Recorded data:
=== Section Start ===

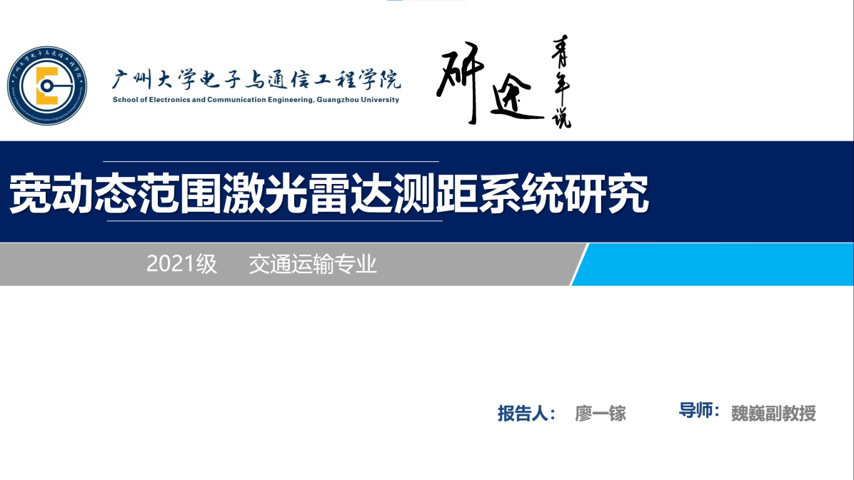 廖一镓同学汇报的主题是宽动态范围激光雷达测距系统研究,他的讲解主要包括以下六部分:选题背景及意义、研究内容、硬件电路设计、控制程序设计、样机调试、论文总结。他首先介绍了选题背景,在无人驾驶汽车领域中,激光雷达作为最重要的传感器之一,在无人物流车、自动驾驶汽车补盲等领域的应用与交通工程息息相关。并指出激光雷达、毫米波雷达和摄像头是公认的自动驾驶的三大关键传感器技术。然后,介绍了激光雷达测距原理、激光雷达测距原理与基本构成、激光雷达时刻鉴别原理和TDC芯片计时原理。他还对硬件电路设计和控制程序设计以及样机调试进行了详细地讲解,通过对实验结果的分析得出了相应结论。最后,对论文进行了总结,并提出了对未来研究工作的展望。
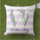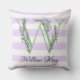 Almofada Monograma de tiras brancas, púrpuras, lavanda
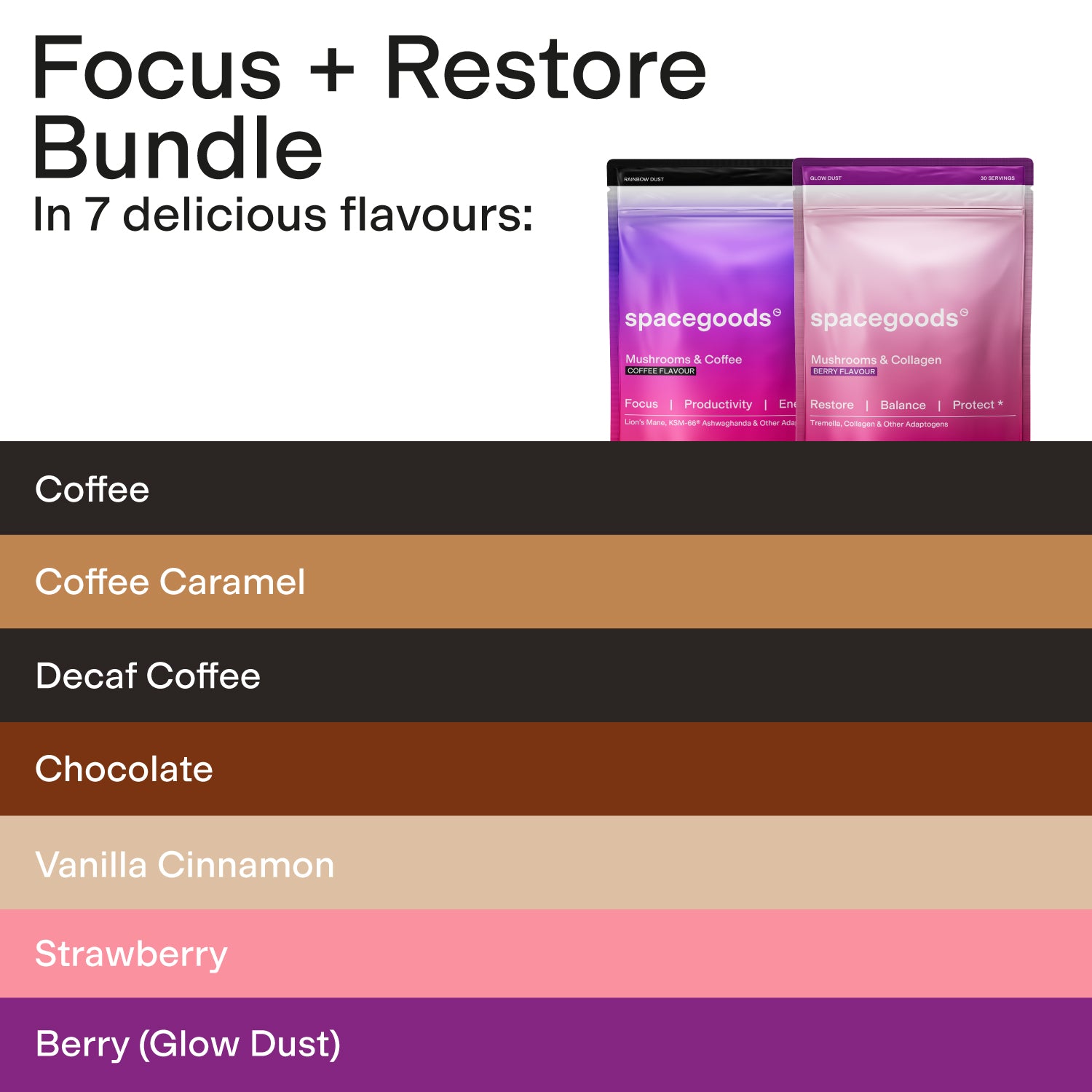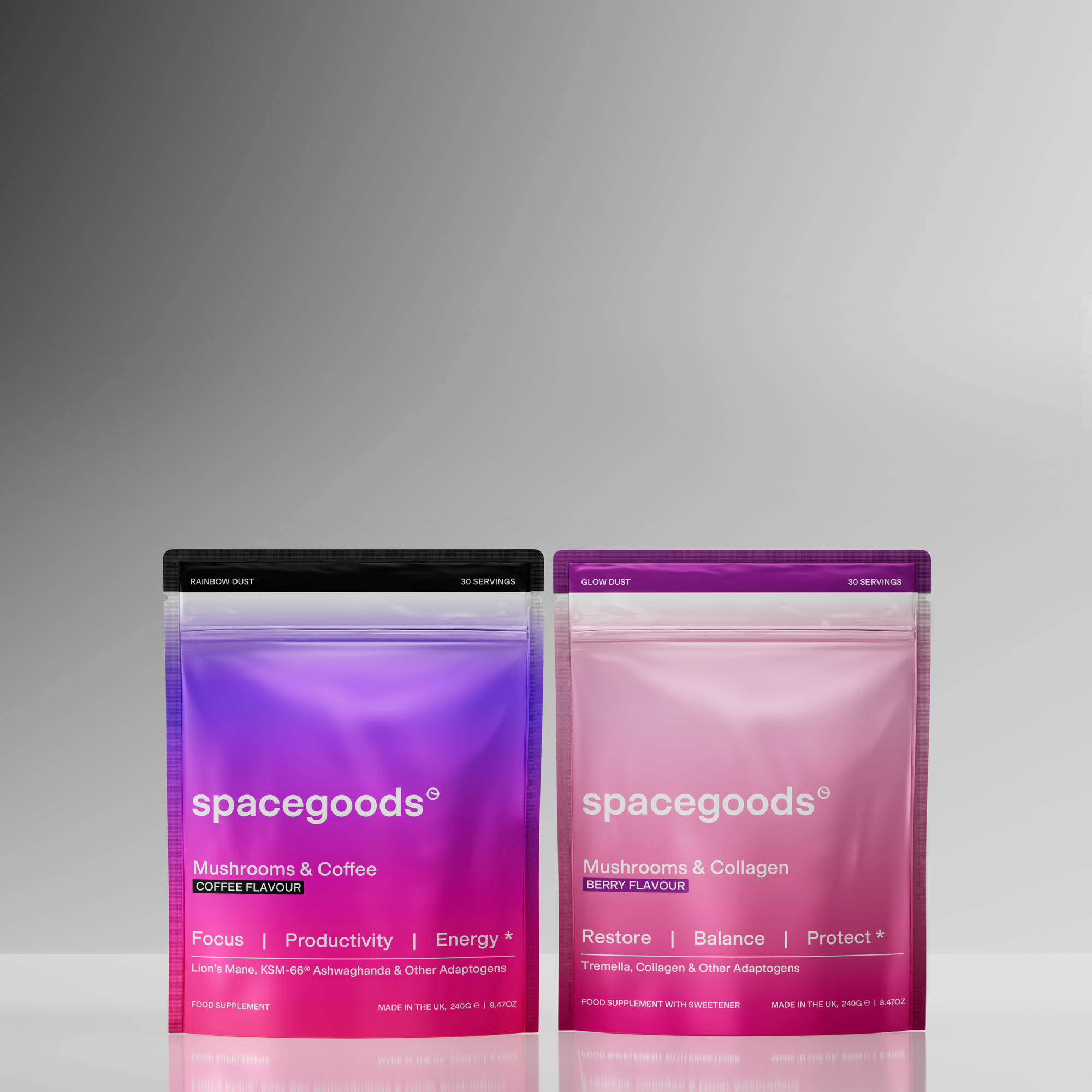 Rainbow Dust combines the coffee you love with functional mushrooms and adaptogens to promote focus, energy, and calm - great taste without the jitters, anxiety, or crash. Glow Dust blends multivitamins, functional mushrooms, and collagen to promote balance, protection, and restoration - a daily ritual your taste buds, body, and mind will love.

=== Section End ===

Exercise: Restate word for word only the lines that run from the line holding "Almofada Monograma de" to the end of the data, both ends kept, leaving every picture out.

Answer:
 Almofada Monograma de tiras brancas, púrpuras, lavanda
 Rainbow Dust combines the coffee you love with functional mushrooms and adaptogens to promote focus, energy, and calm - great taste without the jitters, anxiety, or crash. Glow Dust blends multivitamins, functional mushrooms, and collagen to promote balance, protection, and restoration - a daily ritual your taste buds, body, and mind will love.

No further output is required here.